Unimed Rio Preto declara guerra à dengue com campanha preventiva após ano epidêmico
A cidade de São José do Rio Preto, localizada no interior de São Paulo, viveu em 2025 um dos piores cenários de dengue já registrados no Brasil. Com mais de 50 mil casos confirmados e aproximadamente 40 óbitos, a região atingiu uma incidência alarmante de mais de 3 mil casos por 100 mil habitantes, a maior taxa do país. Esse surto levou ao colapso do sistema de saúde local, à decretação de emergência e impactou profundamente a economia, o funcionamento urbano e a rotina dos cidadãos.
Campanha "Unimed em Guerra contra a Dengue" surge como resposta preventiva
Diante desse histórico recente e das projeções que indicam um risco elevado de nova crise em 2026, a Unimed São José do Rio Preto lançou uma campanha de saúde pública intitulada "Unimed em Guerra contra a Dengue". A iniciativa tem como objetivo principal engajar a população no enfrentamento ao mosquito Aedes aegypti, transmissor da doença, antes do agravamento do quadro epidemiológico.
Como a maior operadora de saúde da região, a cooperativa atua movida pela responsabilidade com a saúde coletiva e pela compreensão de que a dengue deixou de ser um problema pontual para se tornar um desafio permanente de saúde pública. A campanha busca estimular mudanças de comportamento e ampliar a consciência coletiva sobre o papel de cada indivíduo na proteção da própria saúde e da comunidade.

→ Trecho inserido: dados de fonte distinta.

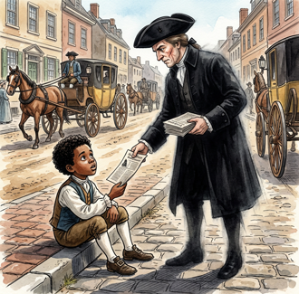 But a 10-year-old James Fortune didn’t seem to notice the strange appearance. His mind was on something else. Usually curious, right now he had no curiosity. The man had handed him a pamphlet. It stated no children were allowed at the State House Yard to hear the Declaration of Independence be read. “There’s no children allowed?” He could feel his heart sink. What was the point of his mother encouraging his book-learning when he had to read such words? James sulked- he was so looking forward to hearing the founding document of their new nation. Almost as much as he wanted to work in the ship yard and be like his father. After his father died two years ago, his mother insisted he go to school to learn to read, write, and do math. From James’ perspective, his father had been educated, but worked mainly with his skills as a sail maker- so why did James have to go to school? A few blocks from his house is where the Second Continental Congress met and drafted the Declaration- and he was barred from hearing it? Is it because he was a Negro, of African descent, even though he was free? Was it just because he was a child? At least hearing the document, maybe he could be useful. Lost in his thoughts, James didn’t even notice the strange man disappear into a horse-drawn carriage with a rather pleased smile forming over the ugly scar.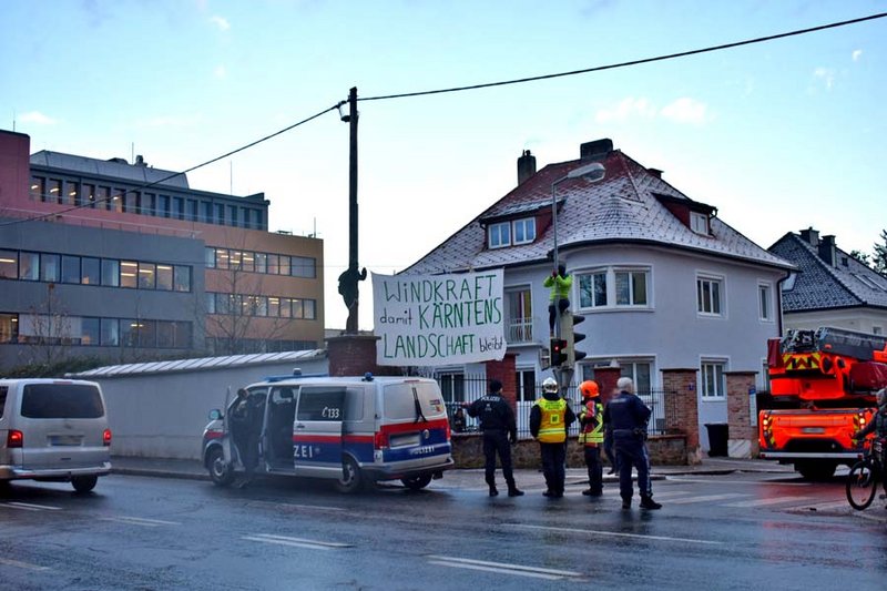 Sie protestieren damit gegen den Versuch, durch die Volksbefragung „Soll zum Schutz der Kärntner Natur (einschließlich des Landschaftsbildes) die Errichtung weiterer Windkraftanlagen auf Bergen und Almen in Kärnten landesgesetzlich verboten werden?“ am 12.1. ein Windkraftverbot für Kärnten zu erzielen. Sie werden wegen Ordnungsstörung angezeigt.

Mobilização envolve 1.600 médicos e estratégia de comunicação ampla
A mobilização é liderada pela Unimed Rio Preto e conta com a participação de cerca de 1.600 médicos cooperados, de diversas especialidades, que atuarão como multiplicadores das orientações de prevenção no contato direto com pacientes e familiares. O conceito da campanha se baseia na metáfora de que a dengue se comporta como uma guerra, com o mote "cada casa é uma trincheira".
Essa abordagem reforça que a maior parte dos focos do mosquito está nos ambientes domésticos, como quintais, calhas, ralos, vasos e caixas d'água, locais onde a prevenção precisa acontecer de forma regular. A estratégia de comunicação inclui:
- Presença em mídia tradicional e digital
- Envio de mensagens por SMS, WhatsApp e e-mail marketing para aproximadamente 411 mil clientes
- Orientações práticas sobre eliminação de criadouros
- Estímulo à comunicação interna e ações preventivas em empresas clientes
A iniciativa, que nasce em Rio Preto, será estendida a outros municípios da região, incluindo Olímpia, Mirassol, Votuporanga e Fernandópolis.
Alerta epidemiológico para 2026: sorotipo DENV-3 e mudanças climáticas
Estudos epidemiológicos conduzidos por instituições como a Fiocruz, em parceria com a FGV, Famerp e dados do Ministério da Saúde, apontam que 2026 pode representar um novo ciclo crítico da dengue no Brasil. Entre os principais fatores de preocupação está a circulação do sorotipo DENV-3, ausente do país por mais de uma década e que voltou a se espalhar a partir de 2024.
Como grande parte da população não possui imunidade prévia a esse sorotipo, aumenta a vulnerabilidade coletiva e o risco de formas mais graves da doença. Somam-se a esse cenário:
- O padrão cíclico das epidemias
- Os efeitos das mudanças climáticas, com períodos prolongados de calor
- Chuvas irregulares que favorecem a proliferação do mosquito
Segundo o presidente da Unimed Rio Preto, Dr. Marcelo Lúcio de Lima, a campanha é uma resposta direta ao cenário vivido recentemente. "Os números mostram que a dengue deixou de ser um problema pontual e passou a representar um risco real para a saúde da população. Diante disso, entendemos que a prevenção precisa ser tratada como prioridade de saúde pública", afirmou.
Essa mobilização reforça que a prevenção ambiental, a informação qualificada e a participação ativa da sociedade são, atualmente, as ferramentas mais eficazes para conter o avanço da doença e proteger a população de futuras crises.